Last Friday I tried to do a blog where I used wordless diagrams.

Spoiler alert: I am not particularly artistic, not good with graphics on computers. If a template is premade, I’m fine, but outside of that…not so good.

So I spent time trying to work on the boxes.

But I got so caught up on making the boxes, I forgot what the point of my blog was. I got curtailed by the minutia, and thus completely missed highlighting the point I was trying to get across.

So…

Here’s the lesson…

It’s easy to think about what you want the end result of something to be.

It is very hard to figure out all the steps that go into getting the desired result.

We sometimes choose to focus on the wrong things, and forget to pay attention to the basics. The basics, the nuts and bolts of how something is done aren’t sexy. They’re boring.

But without a proper plan, attention paid to the building block steps, you can’t reach your goal.

For my post, it was mild embarrassment that I screwed up. Some of my blog friends got a laugh. But it was only a post and something that I laughed about as soon as I realized my mistakes…
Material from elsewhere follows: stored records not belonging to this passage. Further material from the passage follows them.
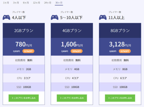 パスの有効期間が長ければ長いほど割引率がアップし、よりおトクにConoHa for GAMEをご利用いただけます。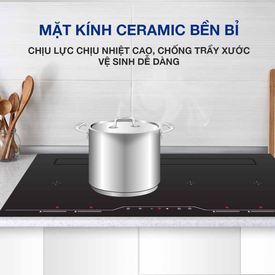 Bếp từ kết hợp máy hút mùi Malloca HIH-904 SLIM Là dòng sản phẩm của Tây Ban Nha được nhập khẩu trực tiếp với thiết kế tiện dụng khi có sự kết hợp giữa bếp từ và máy hút khói, hỗ trợ tối đa cho người nội trợ trong việc nấu nướng nhanh hơn. Mặt kính Cearamic – màu đen sang trọng, bền bỉ, chống trầy xướt, chịu được nhiệt độ cao và chịu lực tốt. Kết hợp cùng với bảng điều khiển cảm ứng trượt slide thích hợp với những gia đình hiện đại ngày nay.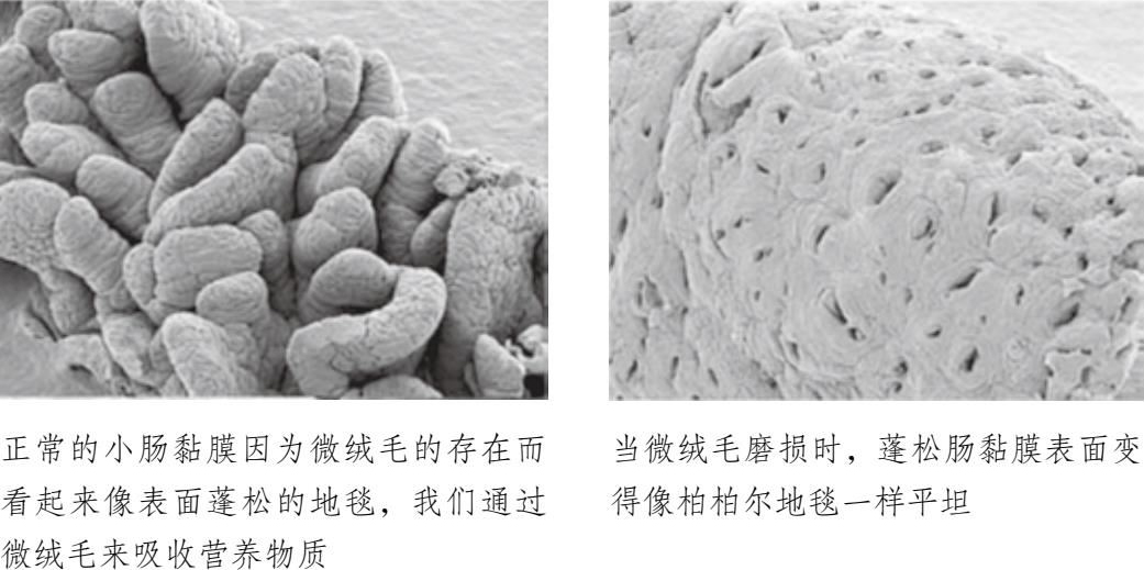 乳糜泻是目前研究最多的自身免疫性疾病,也是唯一一种确定了环境诱因(小麦、黑麦或大麦中的麸质)的疾病。它是一种由麸质引起的慢性自身免疫反应,产生的自身抗体会攻击肠道和其他组织。肠道长6~7.5米,小肠黏膜表面附有微绒毛,这使肠壁看起来就像表面蓬松的地毯,微绒毛可以吸收营养物质;当这些微绒毛因为暴露于麸质中而产生磨损时,就会发生乳糜泻,肠道内表面变得像柏柏尔地毯(一种表面平坦的厚型毛毯)一样平坦,导致肠道不能很好地吸收营养(图1-3)。不管你实际摄入了多少营养物质,最终都会导致营养不良。乳糜泻患者经常感到恶心、疲倦和沮丧,也可能会饱受脑雾的困扰。芝加哥大学乳糜泻研究中心的科学家已经发现了超过300种与麸质敏感相关的症状和病症。在第四章中,你将接受一个简单的测试来确定你的症状是否与乳糜泻或非乳糜泻性麸质敏感有关。

But there are other things in life that can be really bad if we don’t pay attention to the details…

Pay attention.

Think.

All parts of a plan are important.

27 thoughts on “Anything Can Happen Friday November 27

  1. All parts of the plan are important but when you are first learning things you have to cut yourself some slack. You are going to forget things. You are going to make mistakes. Its not going to be perfect. That’s how you learn. Don’t focus on what your mistakes. Be proud you tried something new. I’m proud of you. I didnt expect it to be perfect. It didn’t have to be because it was a life or.death situation. You weren’t diffusing a bomb. You were writing a blog post. I thought it was a cool post.

    Liked by 1 person

  2. I do this when researching for a post, I get lost in some tangent, forget why I reached for the urban dictionary in the first place, and before I know it the post turned into a rant on some entrepreneur who made a mint selling dryer lint? I get it. C

    Liked by 2 people

  3. Yes, sometimes you must know when to sit still and wait. Then after the hard work and the details, after it comes through…you have scored. I scored this year with a job but I had to have all my bolts in place. The job has been something I was searching to get for awhile and right now I am discovering all the positives and negatives. Again, rearranging the boxes and if those boxes collapse, so be it.

    Liked by 1 person

  4. Trying something new is always challenging. I give you credit for attempting. A lot of people don’t even go that far. I think I make my vision cards to help me keep steady on the little steps while looking forward to the big picture but it is not always easy and sometimes extremely frustrating.

    Liked by 1 person

  5. Truly.

    I think there are those of us (raising my hand) who sometimes think to themselves “I can skip these steps as the steps that follow are familiar enough to me,” Nope. Doesn’t work that way.

    Liked by 1 person

  6. No shortcuts? How fun is that?😉 First attempts will nearly always fall short of the intended goal. But it’s a learning process and part of what it takes. Nothing at all wrong with last Friday’s post.

    Liked by 1 person

  7. Sage advice, LA. So important to pay attention to the big picture, no pun intended promise, and the smallest details. I LOVE the big picture so much that I can get lost in it. I have to hold myself accountable each day to stay on top of the details. Anyway, a great post, and important reminder. Have a great weekend. 🙂

    Liked by 1 person

    1. I see it every day. People shout out an idea without even thinking hat has to go into it. The result they want to achieve is so easy to imagine, but how many people really do a total cost benefit analysis

      Liked by 1 person

      1. Yep. Very important. When people bring me new ideas, I always ask them, who’s going to do the work, how long will it take…etc. Often, we don’t engage in the project because there is no bandwidth to do so. Good conversation. Have a great evening!

        Liked by 1 person

  8. This reminds me of when I was working. I was the one who always had a plan for getting to the goal while others just jumped in. I never felt truly appreciated for that. As you said, those aren’t the sexy things. Even now, when doing something new, I create a small plan. It only takes a little time and saves time in the long run. That’s just who I am!!

    Liked by 1 person

  9. Some of my favorite cliches (need an accent here but…) apply to this very situation. For me, these trite sayings always have some truth to them so I try to remember to apply them to my “shades of gray” thoughts as well.

    “You can’t see the forest for the trees.”

    “You need to take the 30,000 foot view of the situation.”

    I’m sure I could think of more but I’ve already put more than enough time into commenting on your posts today, and have immensely enjoyed doing so!